■ About this task: Word for word, copy the entire listing below, but do not carry over any pictures.

═════ Data section ═════

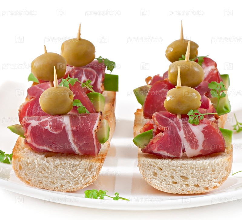 Тост с ветчиной, авокадо и оливками
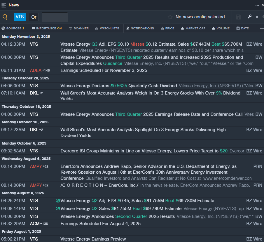 - Nouvelles récentes : Le 3 novembre, Vitesse Energy a publié des résultats trimestriels mitigés.
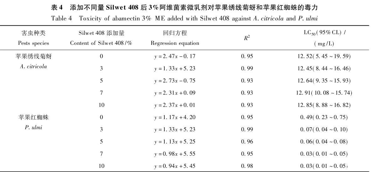 從表4中數(shù)據(jù)可看出:添加Silwet408可明顯提高阿維菌素微乳劑對(duì)蘋(píng)果紅蜘蛛的毒力,且隨助劑添加量的增加,藥劑LC50值降低;但添加Silwet408對(duì)阿維菌素微乳劑對(duì)蘋(píng)果繡線(xiàn)菊蚜的毒力并無(wú)明顯影響。說(shuō)明Silwet408雖能降低藥液的表面張力及在靶標(biāo)葉面的接觸角,促進(jìn)藥液在葉片上的潤(rùn)濕性,但并不一定能提高其對(duì)害蟲(chóng)的毒力。
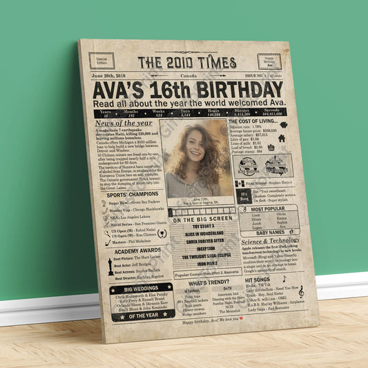 Personalized 16th Birthday Gift: A Printable CANADIAN Birthday Poster of 2010

═════

■ Solution to this exercise:
 Тост с ветчиной, авокадо и оливками
 - Nouvelles récentes : Le 3 novembre, Vitesse Energy a publié des résultats trimestriels mitigés.
 從表4中數(shù)據(jù)可看出:添加Silwet408可明顯提高阿維菌素微乳劑對(duì)蘋(píng)果紅蜘蛛的毒力,且隨助劑添加量的增加,藥劑LC50值降低;但添加Silwet408對(duì)阿維菌素微乳劑對(duì)蘋(píng)果繡線(xiàn)菊蚜的毒力并無(wú)明顯影響。說(shuō)明Silwet408雖能降低藥液的表面張力及在靶標(biāo)葉面的接觸角,促進(jìn)藥液在葉片上的潤(rùn)濕性,但并不一定能提高其對(duì)害蟲(chóng)的毒力。
 Personalized 16th Birthday Gift: A Printable CANADIAN Birthday Poster of 2010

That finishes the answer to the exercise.